Monday, September 20, 2010

R: Multiple Regression

# In general, I didn't code this myself.

# lib(s): MASS
# Note to self: Multiple regression is covered in Linear Models I of LSE's Computational Statistics course by Penzer.

# Red indicates stuff you have to edit.

# Before using this script:
library(MASS)

# Data input: generic

# alpha tested ok on 3 Aug 2010
# For data frame 'infile':

MultiReg1 <- lm(dependent.var~independent.var1+independent.var2+independent.var3+...+independent.var,data=infile) # beta tested ok against result from STATA 10.
summary(MultiReg1)
anova(MultiReg1)# (sequential) anova table in the order which the variables are specified.
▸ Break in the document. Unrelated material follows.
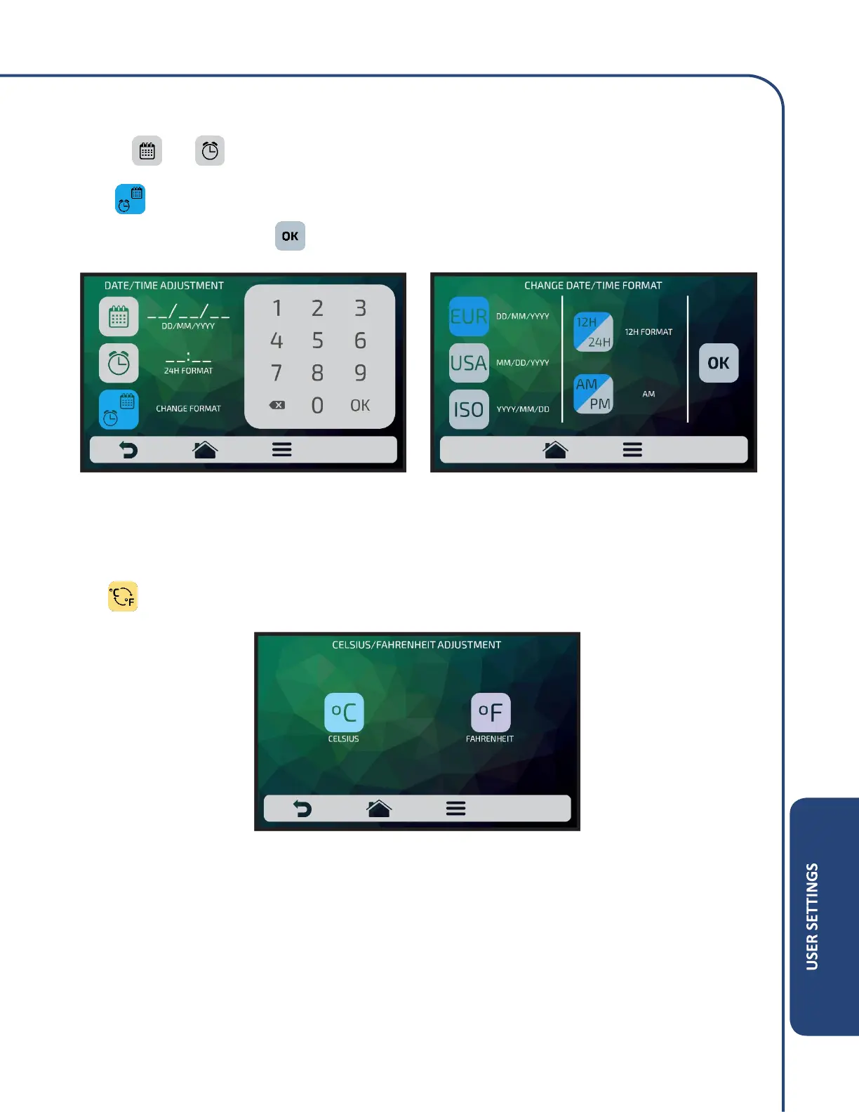 Press to change the date / time format. The opposite screen will be displayed. Choose the date

Changing the order in which the independent variables are specified will change the results of the anova.
# par(mfrow = c(2,2))# Uncomment if you want all 4 plots in one window
plot(MultiReg1)
# par(mfrow = c(1,1)) # returns plot window to single plot mode.
boxcox(MultiReg1)
# To add variables into the model:
addterm(MultiReg1, ~.+Var1+Var2+Var3+...+Var, test="F") # adds a single term to those listed and displays the corresponding F-stat. ~. denotes the existing model.
# To remove variables from the model:
MultiReg2 <- update(MultiReg1,~(.-Var1),data=infile)
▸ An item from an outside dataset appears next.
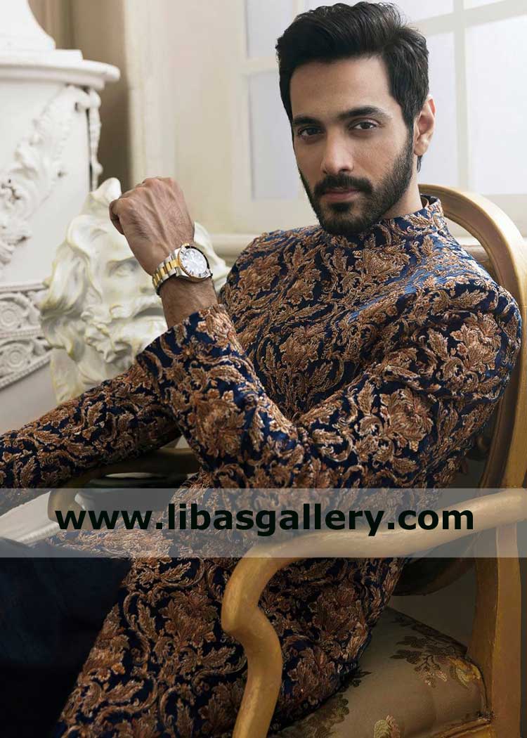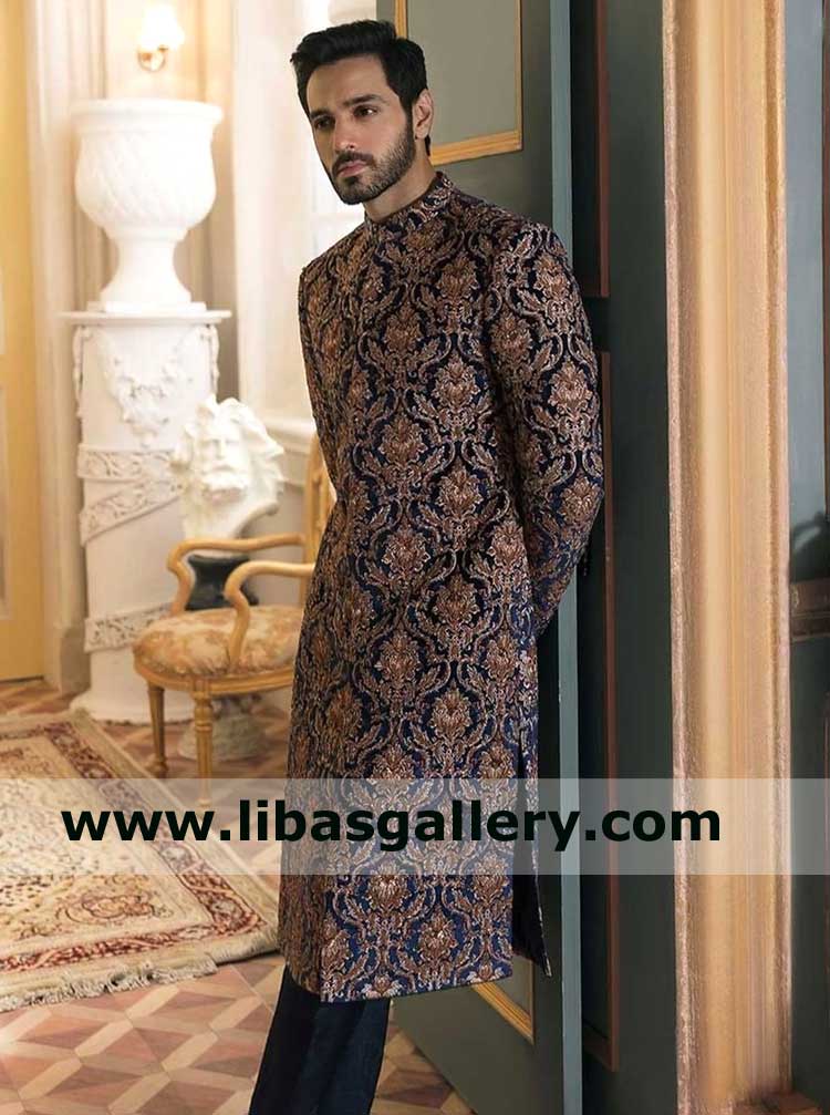 Blue Damask Hand Embellished Velour Fabric Sherwani for Men

# Other useful functions # - alpha tested ok on 3 Aug 2010 -
coefficients(MultiReg) # model coefficients
confint(MultiReg, level=0.95) # CIs for model parameters
fitted(MultiReg) # predicted values
residuals(MultiReg) # residuals
vcov(MultiReg) # covariance matrix for model parameters
influence(MultiReg) # regression diagnostics
# Backwards Elimination # alpha tested ok on 2 Aug 2010
MultiReg <- lm(DepVar~indep.var1+indep.var2+indep.var3+...+IndepVar)
dropterm(MultiReg, test="F")
MultiReg2 <- update(MultiReg, ~.-IndepVar)
dropterm(MultiReg2,test="F") # to drop more variables, repeat this dropterm(...) and NewReg <- update(OldReg, ~.-VarToDrp) as necessary.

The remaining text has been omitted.